Cinder inherited the same title that I called Tian-Tian by: "Puppy-fish"


----------



## Kitch3ntools (Jan 17, 2010)

Harold - Grump-a-lump - he is quite the grumpy man lol
Luci - Piggy - she acts like shes never eaten EVER and will never eat again lol
Rathian - Little girl - shes my smallest and the 1 i worry about the most but shes got alot of spunk and is pushing back now (and just recovered from what i thought could have been SBD) 
Heidi - Brat or little brat - lol shes such a snot and tries to bully Rathian but Rathian will chase her out of her "area" 

i sometimes refer to all 5 girls as piggies lol


----------



## FireKidomaru (Jan 24, 2010)

I call Kidomaru kido and Fire my little prince


----------



## vaygirl (Sep 10, 2009)

Kilo is puppyface or puppyfish.
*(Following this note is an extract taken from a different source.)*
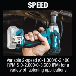 - Variable 2-speed (0-1,300/0-2,400 RPM and 0-2,000/0-3,600 IPM) for a wide range of fastening applications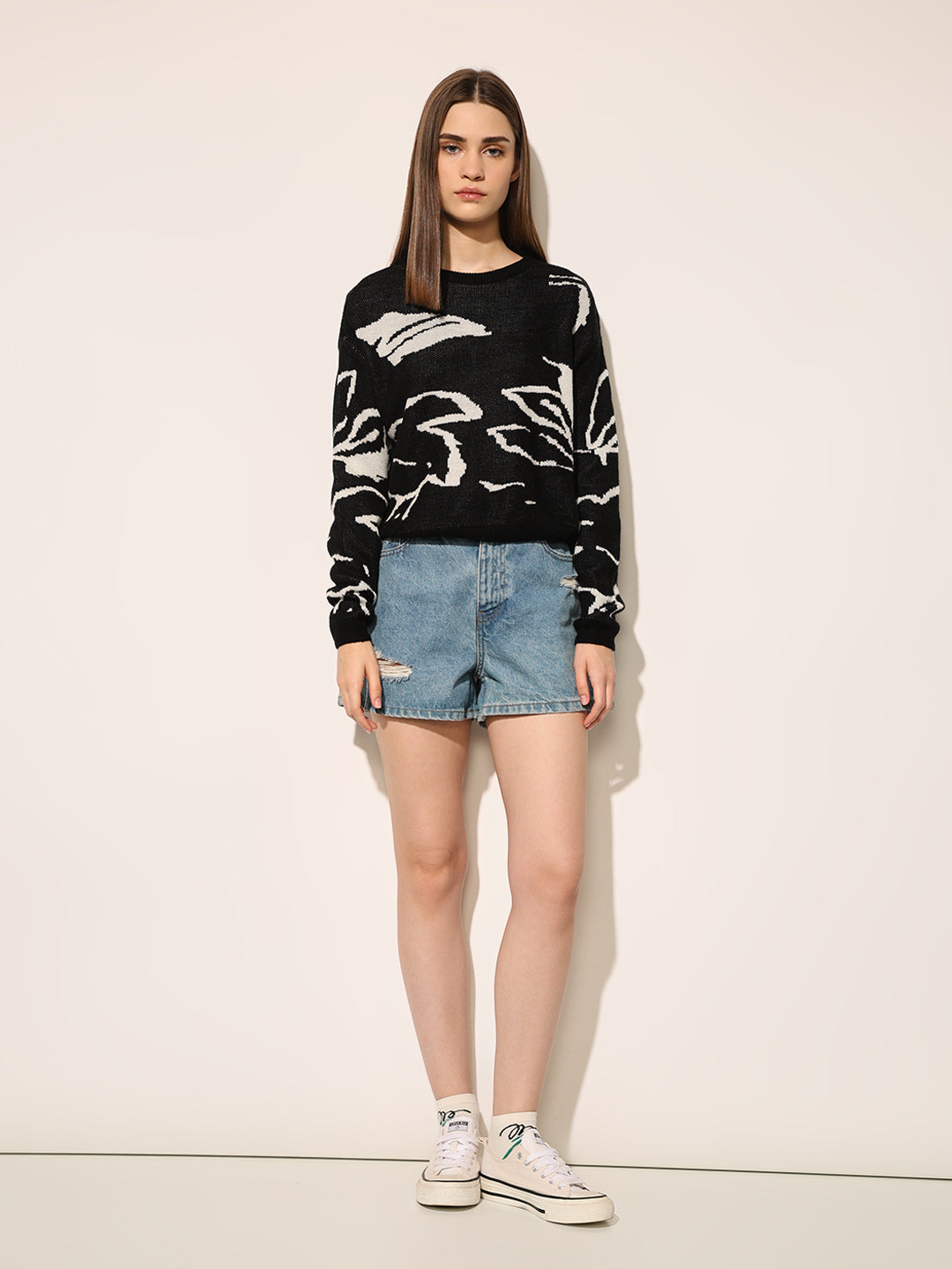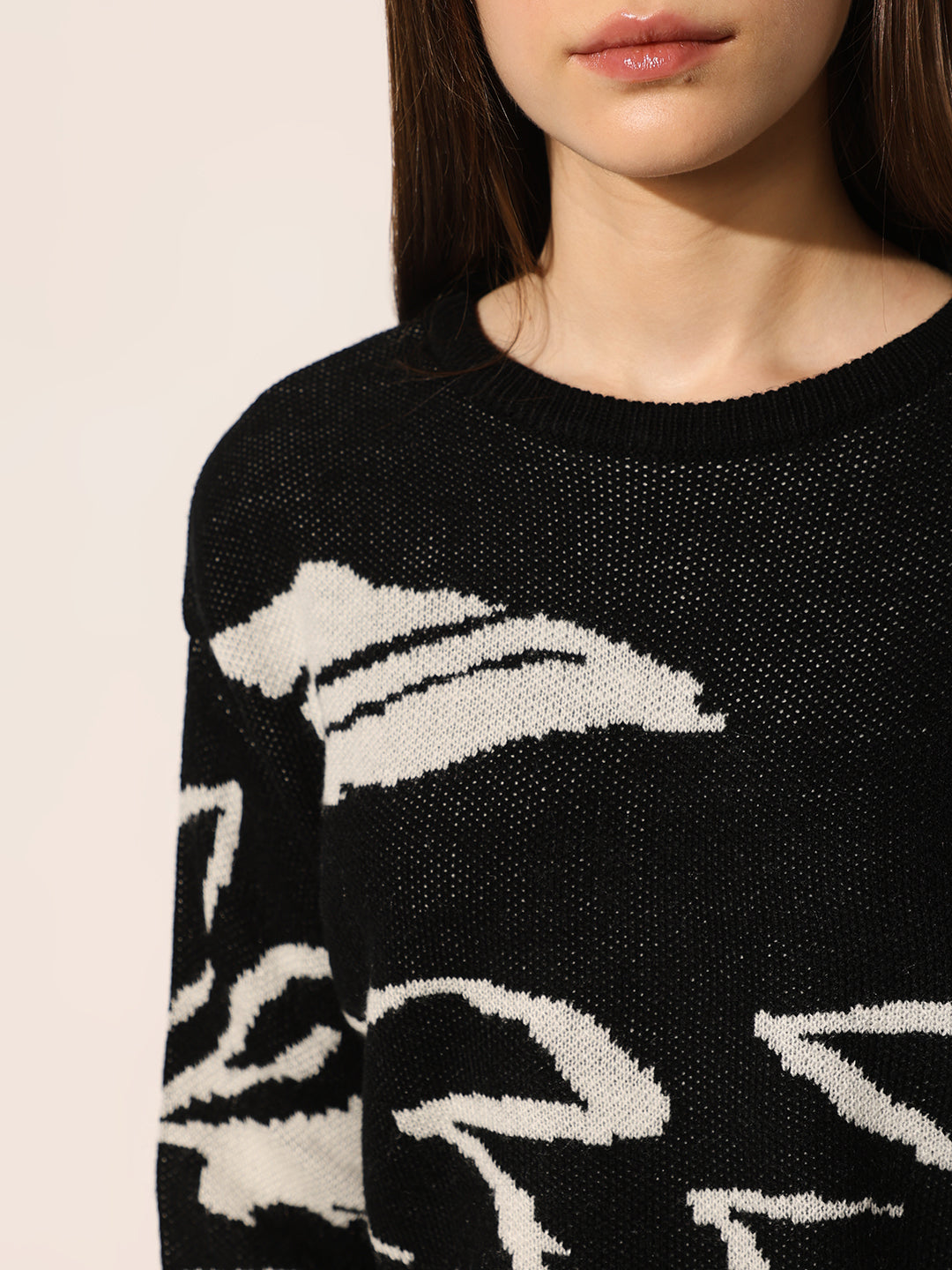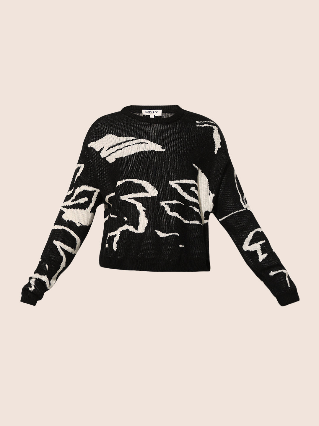 Meet your new fave womenswear top — a cozy jacquard knit pullover that’s soft, snuggly, and full of style. With a round neck, long sleeves, and playful ribbed details at the cuffs, hem, and neckline, it’s the perfect mix of comfy and cool. Rock the ONLY Black Printed Jacquard Knit Pullover and stay effortlessly chic!

Whiskey is pretty boy. Tango is always my buddy or my baby cause he's the only one that lets me pet him.


----------



## JaspersANGEL (Oct 12, 2009)

Jasper is: my demented fish, Yasipiper, Jasipipi, Jasper-kinz or gros-tas (I'm a french gal so my fish are bilingual *lol*)
and
Charlie is: Charlie-kinz, he's my newest one so I might think up more weird little names


----------



## Little Veiltail (Nov 16, 2009)

lol, I'm surprised at how many of you call your fish pigs. Can't say I've ever done that...
But I do call Geist "Fiesty Geisty."


----------



## CodeRed (Jun 11, 2009)

;x
I'm so uncreative.

All boys: Boy.
Shani: Girl.

I really think of them as pictures, not with their names. I don't look at the fish and say "Oh, look, there's Sherbet! Hello, boy!" I think "Oh, look, that's him!" No real name x3
They're just my boys and girl.


----------



## dr2b (May 31, 2009)

Hmm Flair's are: Flair-bear, baby boy, piggy, Bode (named after my fat cat who ate ANYTHING). Marina doesn't really have too many. But they are: baby girl and Marlina (my dad can't get Marina right...so she gets called that). 

Not to creative lol.


----------



## puppyrjjkm (Aug 2, 2009)

I call Merlin: Mer Mer. And Puck: Puckie Puck. Then to the others I just happen to say their names in an accent because nicknames just don't do them justice! haha


----------